Table 1 Comparative performance analysis of local and global texture descriptors

3.2 Importance of local texture descriptors

In this section, the performance of different texture descriptors is analyzed in characterizing the staining patterns of HEp-2 cell images. The corresponding results on MIVIA and SNP databases are reported in Table 1 for training–testing. Several global texture descriptors such as discrete cosine transform (DCT) [49], fast Fourier transform (FFT) [33], rotation invariant Gabor features [3], gray level co-occurrence matrix (GLCM) [20] and histograms of oriented gradients (HOG) [6] are used to represent the inherent textural properties of HEp-2 cell images. Similarly, various local texture descriptors, namely, LBP [38], \(\hbox {LBP}^{\mathrm{ri}}\) [37], \(\hbox {LBP}^{\mathrm{riu2}}\) [37] and CoALBP [35] have been used to characterize the HEp-2 staining pattern classes. From the results reported in Table 1, it can be observed that local variations of intensity patterns are proved to be more effective in differentiating staining pattern classes, than the global information obtained from the HEp-2 cell images. This observation also resembles the results reported in [9]. Hence, local texture descriptors are considered for further analysis in the current study.

3.3 Illustrative example

In order to illustrate the proposed method, let us consider HEp-2 cell images from training and test sets of MIVIA database [15], where the staining pattern classes of 734 test cell images need to be predicted based on the information of final feature set \({\mathcal {D}}\), obtained from the 721 training cell images. Six staining pattern classes are represented by the set \(\{\omega _1,\ldots ,\omega _i,\ldots ,\omega _6 \}\), where each \(\omega _i\) corresponds to one of the six possible classes, namely, Centromere, Homogeneous, Nucleolar, Coarse Speckled, Fine Speckled and Cytoplasmic, in the specified order. In this example, the parameters \(\vartheta _{given}\) and \(\delta\) are considered as 0.9 and 0.1, respectively.

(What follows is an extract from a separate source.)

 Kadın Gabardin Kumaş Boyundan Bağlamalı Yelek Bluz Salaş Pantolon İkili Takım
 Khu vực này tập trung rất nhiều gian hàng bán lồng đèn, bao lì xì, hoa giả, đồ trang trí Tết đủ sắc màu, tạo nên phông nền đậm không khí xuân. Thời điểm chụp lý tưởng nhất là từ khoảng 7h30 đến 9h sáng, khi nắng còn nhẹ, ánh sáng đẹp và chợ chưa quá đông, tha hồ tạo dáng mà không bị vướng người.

Based on the assumption that all the features of a particular modality are not dominantly present in a sample, it is required to identify the set of dominant features for each sample of the training set using (2), which preserves 90% of the total energy present in the histogram of the sample. The average number of dominant features (\({\overline{d}}\)) obtained for each modality is tabulated in Table 2, which indicates that in case of modalities with large number of features, only a small portion of the feature set carries important information.

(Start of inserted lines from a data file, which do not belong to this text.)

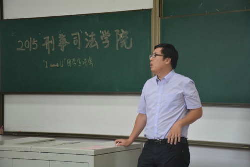 9月9日下午,刑事司法学院团学招新宣讲会在B4-102召开,院党总支副书记徐海琨老师,院团总支书记谢玮洁老师出席了此次会议,而刑事司法学院15级新生也全体到场。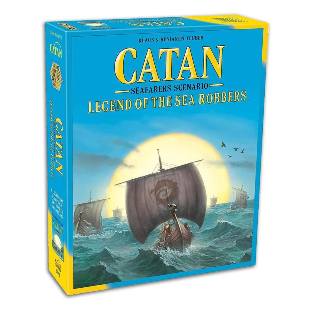 Seventy years after the arrival of the first settlers, the Catanians have expanded throughout Catan. In Catan: Legend of the Sea Robbers, you and your fellow clan leaders play through four linked chapters, exploring new surroundings by sea. In each chapter, the Council of Catan provides a special mission that not only benefits your clan, but helps maintain peace throughout these new lands. Faced with the threat of the Sea Robbers, it is important for you to work to benefit your clan and open up new regions by building roads and settlements, always being mindful of Catan’s common good. The tasks given by the Council are their own reward and the ultimate goal—finding the right balance between strengthening your clan and completing these missions is key to the prosperity of Catan! This is not a standalone product. A copy of the Catan and Catan: Seafarers is required to play.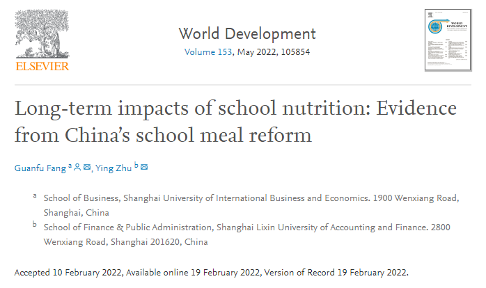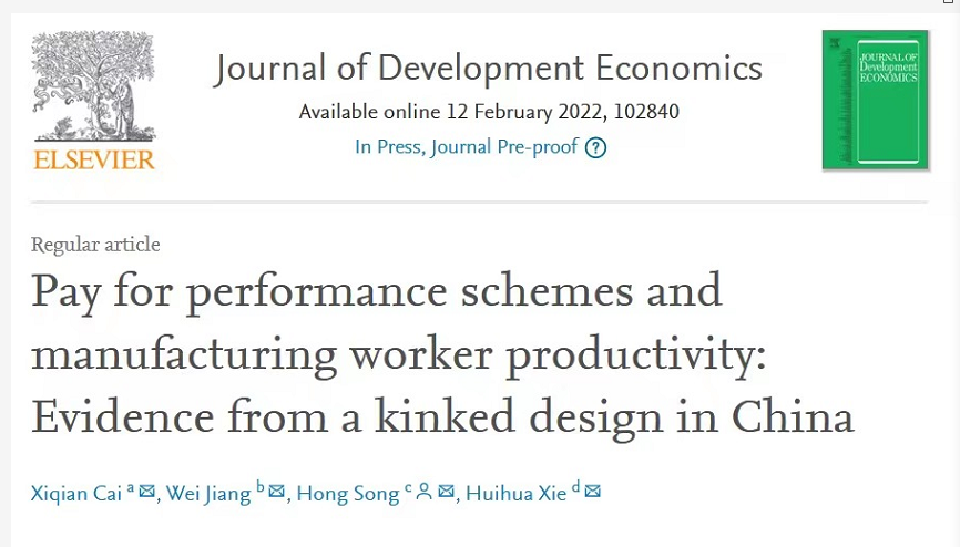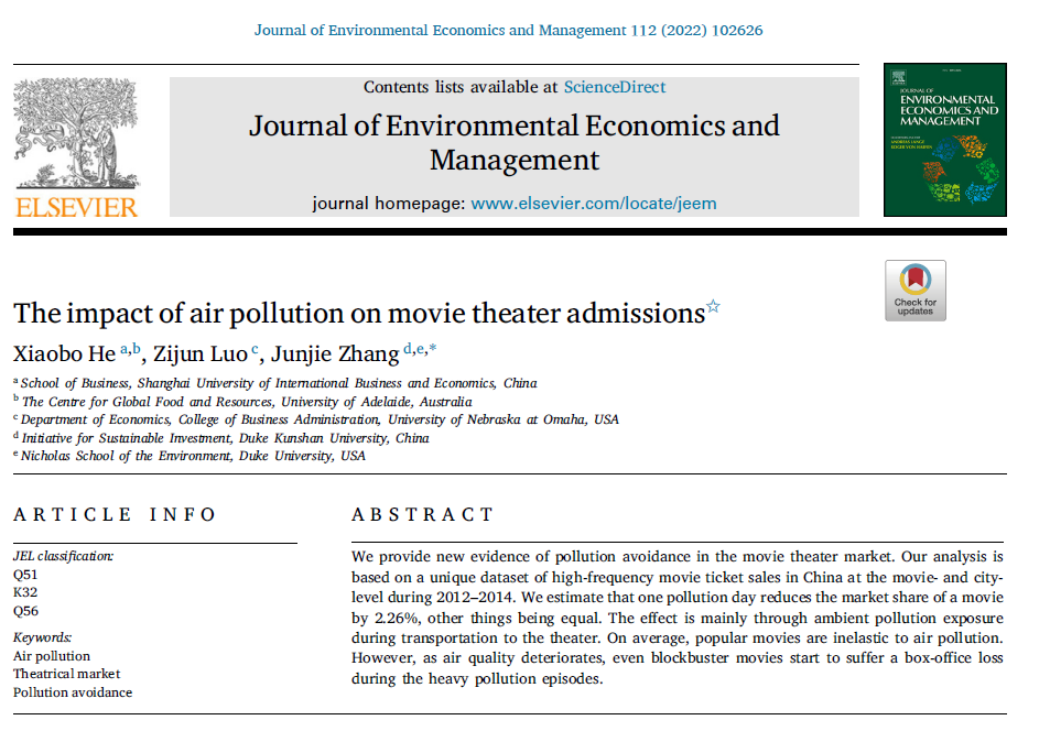 国际期刊方面,国际经贸学院姜微副教授与其合作者撰写的论文“Pay for performance schemes and manufacturing worker productivity: Evidence from a kinked design in China”被发展经济学国际顶级期刊Journal of Development Economics正式接受,于今年2月在线发表;论文使用一家中国一次性纸杯制造企业的生产和薪酬数据考察了非线性绩效工资制度对雇佣工人劳动生产率的影响。论文的研究发现有助于理解企业雇员的差异化在薪酬体制的设计和效果中所起的作用,并为现代制造业生产中越来越多地采用非线性绩效工资制度提供了新的见解。国际经贸学院何晓波副教授与其合作者撰写的论文“The impact of air pollution on movie theater admissions”被环境经济学国际顶级期刊《Journal of Environmental Economics and Management》正式接受,于今年2月在线发表。论文收集了2012-2014我国“电影—城市”双重维度的高频票房销售数据并构建了独有的数据集,研究发现:在其他条件相同的情况下,一个污染日(空气污染指数超过100)会减少一部电影的市场份额2.26%。国际经贸学院方观富讲师与其合作者撰写的论文“Long-term impacts of school nutrition: Evidence from China’s school meal reform”在发展经济学权威期刊World Development正式刊出。论文评估了农村义务教育学生营养改善计划的长期影响,结果发现童年时期曝露在学生营养改善计划下,能显著改善个人成年时期的认知能力和健康状况。

Table 2 Cardinality of initial feature set and average number of dominant features for each modality

After obtaining the dominant feature set for each sample, the probability of occurrence of a feature in the dominant sets of samples of a particular class is computed. The class specific feature set is formed for each class with only the features having probability of occurrence value greater than or equal to 0.1 in that class. Table 3 reports the cardinality of class specific feature set for two classes \(\omega _1\) (Centromere) and \(\omega _2\) (Homogeneous). From the given six classes of MIVIA data set, \({6 \atopwithdelims ()2}\) or 15 pairwise class specific feature sets are obtained for each modality. For each pair of classes, the irrelevant and insignificant features are eliminated from the pairwise class specific feature set using the maximum relevance-maximum significance criterion [29], and finally the relevance of the reduced class specific feature set is computed using (16). Table 3 presents an instance of cardinalities of initial and reduced pairwise class specific feature sets, along with the relevance of the reduced set computed for each of the 15 modalities, corresponding to the class-pair \(\{\omega _1,\omega _2 \}\).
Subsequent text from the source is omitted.